* Records for the task
^^^^^^^^^^^^^^^^

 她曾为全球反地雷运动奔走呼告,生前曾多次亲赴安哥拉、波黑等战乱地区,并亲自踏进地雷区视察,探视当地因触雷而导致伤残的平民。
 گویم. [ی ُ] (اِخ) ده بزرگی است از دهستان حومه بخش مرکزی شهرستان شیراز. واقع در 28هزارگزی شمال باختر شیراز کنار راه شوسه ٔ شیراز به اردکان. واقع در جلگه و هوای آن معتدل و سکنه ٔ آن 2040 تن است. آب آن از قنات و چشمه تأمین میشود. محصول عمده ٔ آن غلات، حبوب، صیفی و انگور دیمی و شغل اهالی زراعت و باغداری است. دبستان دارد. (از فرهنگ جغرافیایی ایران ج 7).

^^^^^^^^^^^^^^^^

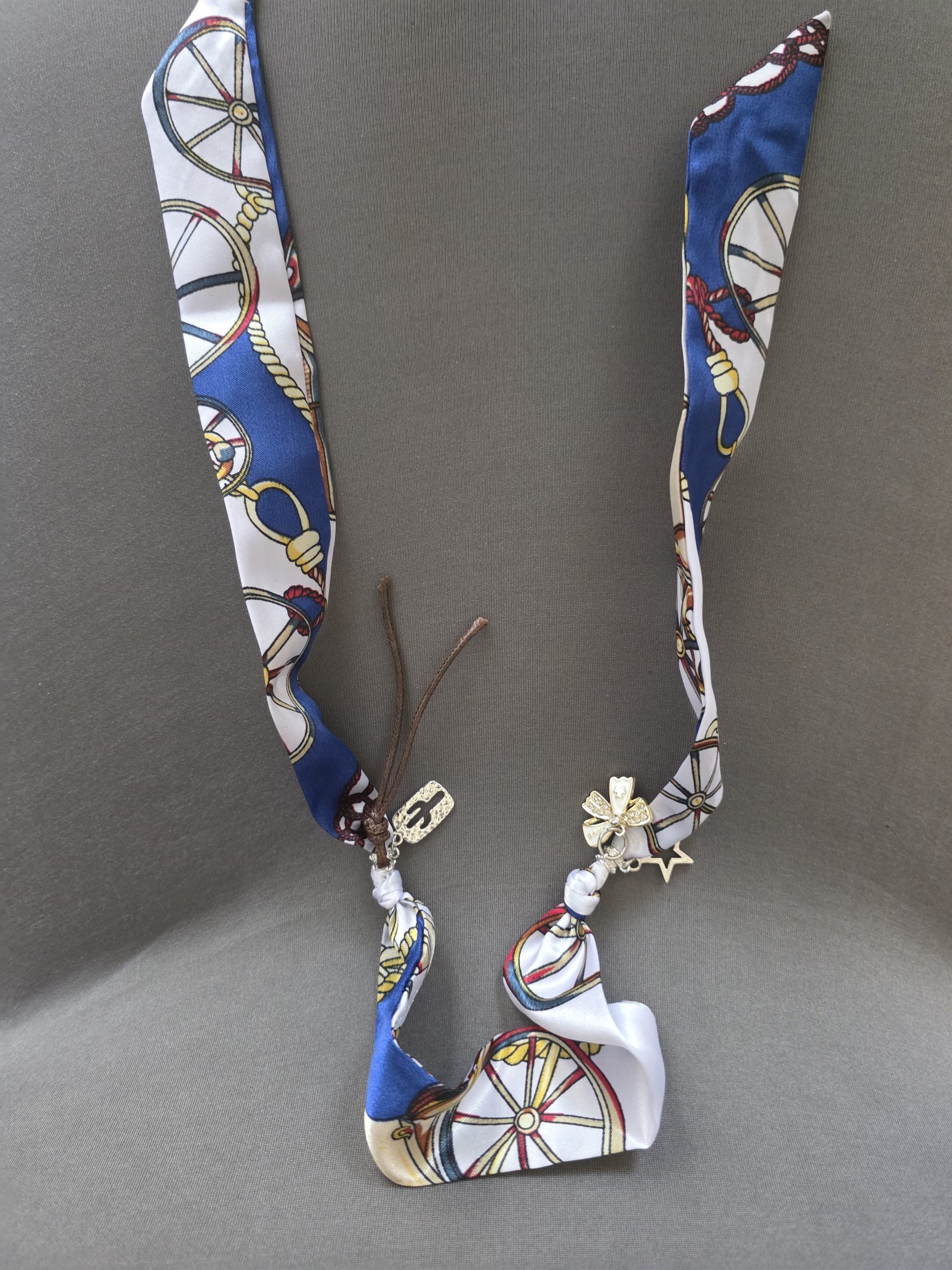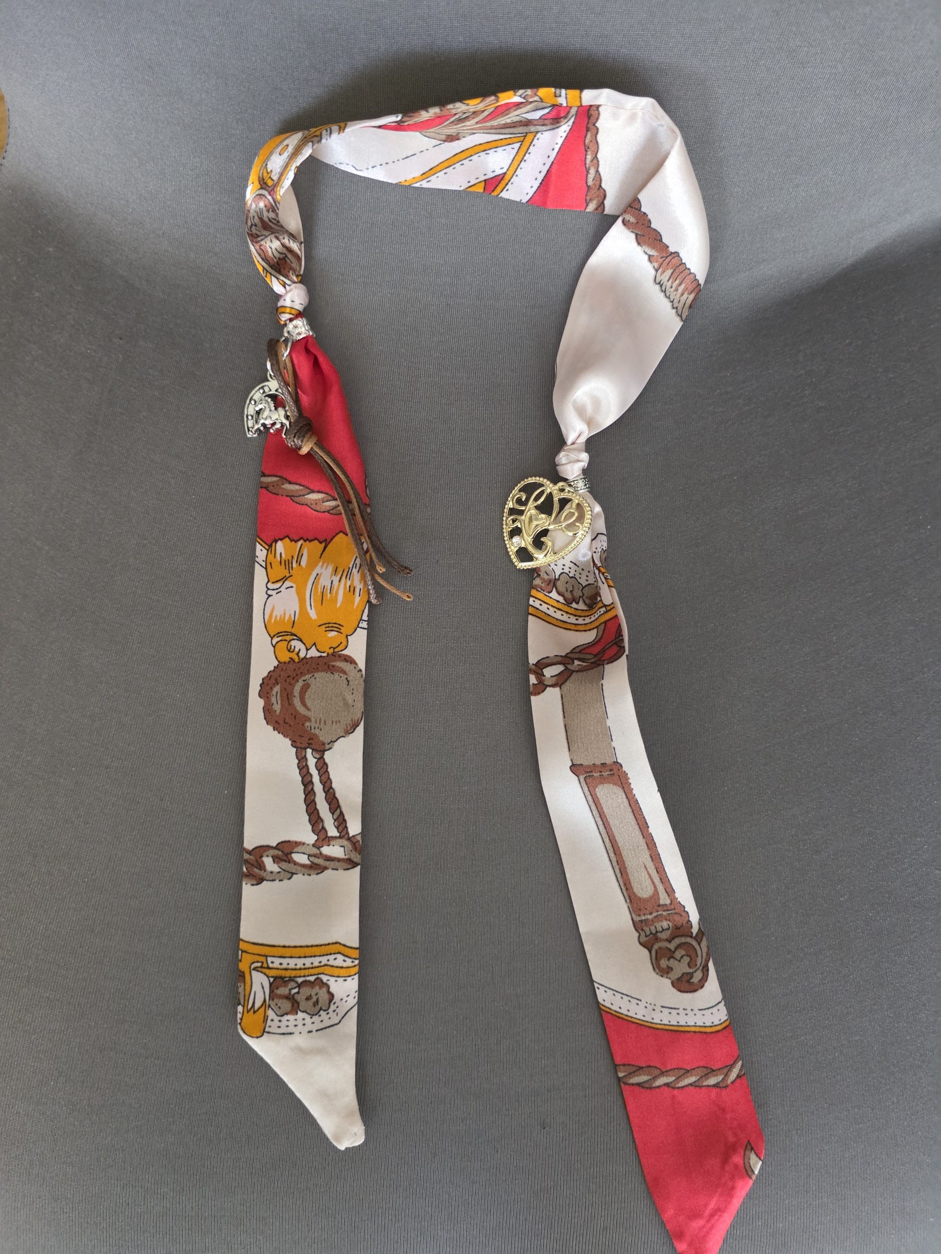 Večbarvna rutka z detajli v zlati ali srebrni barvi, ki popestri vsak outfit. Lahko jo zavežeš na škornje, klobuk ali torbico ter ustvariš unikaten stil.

^^^^^^^^^^^^^^^^

* What the task asks
Please transcribe only the lines in the records above running from the line that has "她曾为全球反地雷运动奔走呼告" through the line that has "گویم. [ی ُ]", both included, exactly as they appear.

* Reply to the exercise
 她曾为全球反地雷运动奔走呼告,生前曾多次亲赴安哥拉、波黑等战乱地区,并亲自踏进地雷区视察,探视当地因触雷而导致伤残的平民。
 گویم. [ی ُ] (اِخ) ده بزرگی است از دهستان حومه بخش مرکزی شهرستان شیراز. واقع در 28هزارگزی شمال باختر شیراز کنار راه شوسه ٔ شیراز به اردکان. واقع در جلگه و هوای آن معتدل و سکنه ٔ آن 2040 تن است. آب آن از قنات و چشمه تأمین میشود. محصول عمده ٔ آن غلات، حبوب، صیفی و انگور دیمی و شغل اهالی زراعت و باغداری است. دبستان دارد. (از فرهنگ جغرافیایی ایران ج 7).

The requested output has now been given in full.